Nginx `keys_zone` size, persistence and maximum number of files

I'm trying to understand nginx caching better, specifically functionality relating to the keys_zone setting.

The documentation says the following:

Note that the size defined by the keys_zone parameter does not limit the total amount of cached response data. Cached responses themselves are stored with a copy of the metadata in specific files on the filesystem.

Is the number of cached files is limited by the size set in the keys_zone setting? (a one megabyte keys_zone means no more than 8,000 files can be cached?)

I'd also like to understand how the cache is affected by restarting the nginx process. Is the keys_zone data persisted, or does it not need to be persisted (since the relevant information is also stored in the file stored in the cache)?

Does restarting the nginx process effectively clear the cache? (It doesn't seem like it does but I'd like confirmation)

Is the size specified in the keys_zone setting a size for an in-memory cache of the metadata associated with each cached file (where cache misses are read from the relevant file), or is it an authoritative list of which files are in the cache and which are not?

Any information to help understand the effect of this setting better is appreciated, thanks.


Solution 1:

Looking into nginx source, src/http/ngx_http_file_cache.c, my interpretation is that the keys_zone specifies an in-memory cache of the metadata of the cached files.

The size of keys_zone specifies the cache size, and in this context it limits the number of active cached metadata entries for cached files.

There is a cleanup function called, which removes specific entries from metadata memory cache and actual file cache. I didn't clearly see what is the algorithm for selecting entries to free during cleanup.

There is no list of cached files that are stored on the file system.

When nginx tries to check if a file is cached, it first checks the metadata cache if an metadata entry for the request exists. If it exists, it opens the file and sends cached request from the file.

When no metadata entry is found, nginx will check if a file corresponding to cache key exists on the filesystem, and then reads metadata and actual cached response from it.

Is the number of cached files is limited by the size set in the keys_zone setting? (a one megabyte keys_zone means no more than 8,000 files can be cached?)

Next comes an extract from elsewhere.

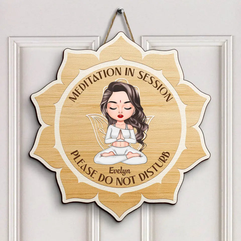 Personalized Custom Door Sign - Welcoming, Home Decor Gift For Yoga Lover - Meditation In Session Please Do Not Disturb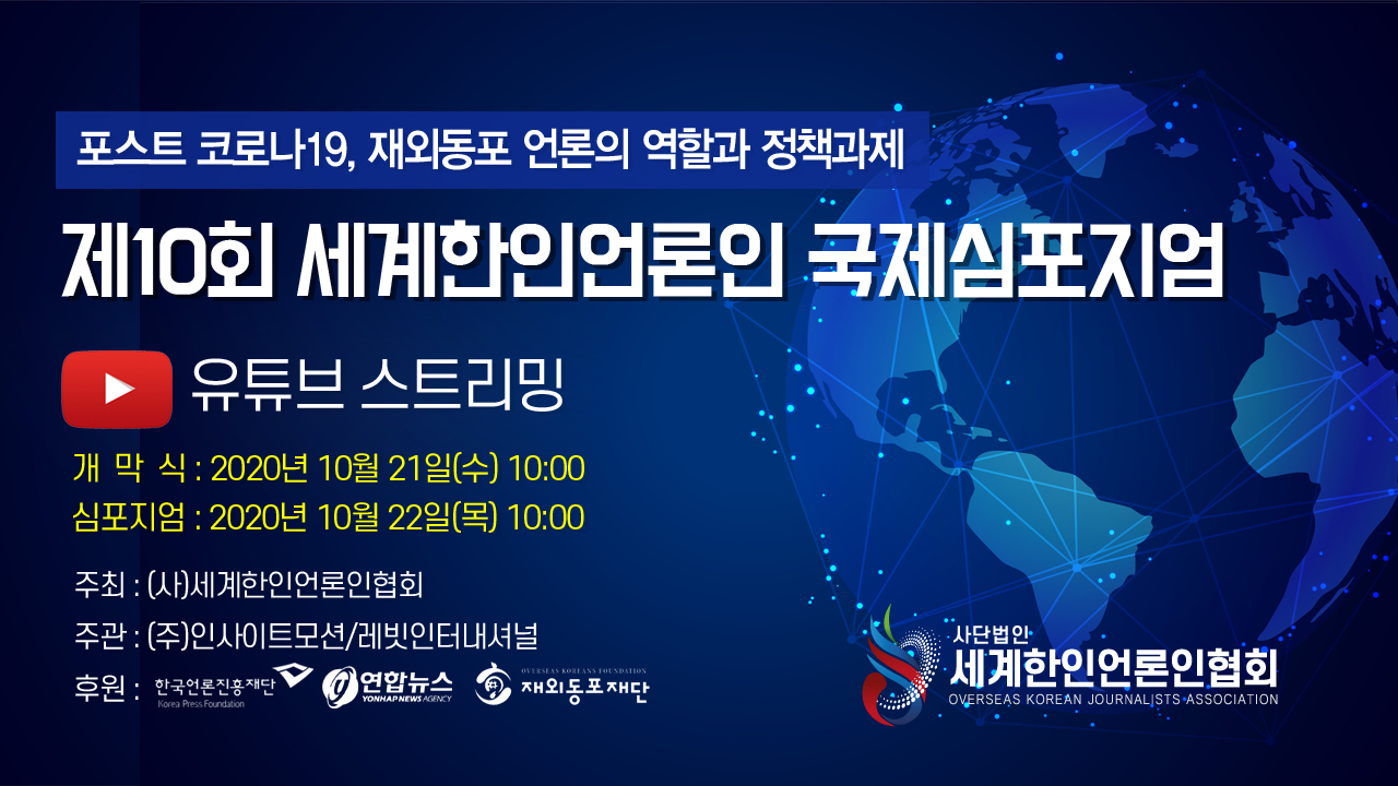 전 세계 재외동포 한인언론인들의 네트워크인 세계한인언론인협회(회장 전용창)가 한자리에 모인다. 오는 10월 21일부터 24일까지 3박 4일동안 ‘제19회 세계한인언론인대회’와 ‘제10회 세계한인언론인 국제심포지엄’을 온라인과 오프라인을 이용, 하이브리드 방식으로 진행한다.

No, it is not limited to that size. nginx will look up the cached file if the metadata cannot be found in the cache.

I'd also like to understand how the cache is affected by restarting the nginx process. Is the keys_zone data persisted, or does it not need to be persisted (since the relevant information is also stored in the file stored in the cache)?

The metadata cache is clean after nginx is restarted. It gets built from the metadata in the cached files when requests arrive to the web server.

Does restarting the nginx process effectively clear the cache? (It doesn't seem like it does but I'd like confirmation)

No, the actual cached content remains in the file system, and the cached content is used after restart (provided content is still valid according to caching criteria).

Is the size specified in the keys_zone setting a size for an in-memory cache of the metadata associated with each cached file (where cache misses are read from the relevant file), or is it an authoritative list of which files are in the cache and which are not?

Your first alternative describes the functionality exactly.

nginx cache / metadata cache work in similar ways as caches usually do. If requested data is not found, it is fetched from the next layer source.

An example of HTTP request processing flow of a non-cached resource:

  1. nginx receives GET /example request and calculates cache key.
  2. nginx looks up metadata cache entry for request with the key. It does not exist.
  3. nginx checks file cache if a file corresponding to cache key exists. There is no cached file.
  4. nginx sends the request to upstream.
  5. If response is cacheable, nginx saves the response to cache and creates metadata cache entry.

Then there are other flows for the following cases:

  • cached response in file cache + metadata entry in metadata cache
  • cached response in file cache + no metadata entry in metadata cache
  • no cached response in file cache + metadata entry in metadata cache (happens if one deletes file from the cache directory)

Hope this answers your question.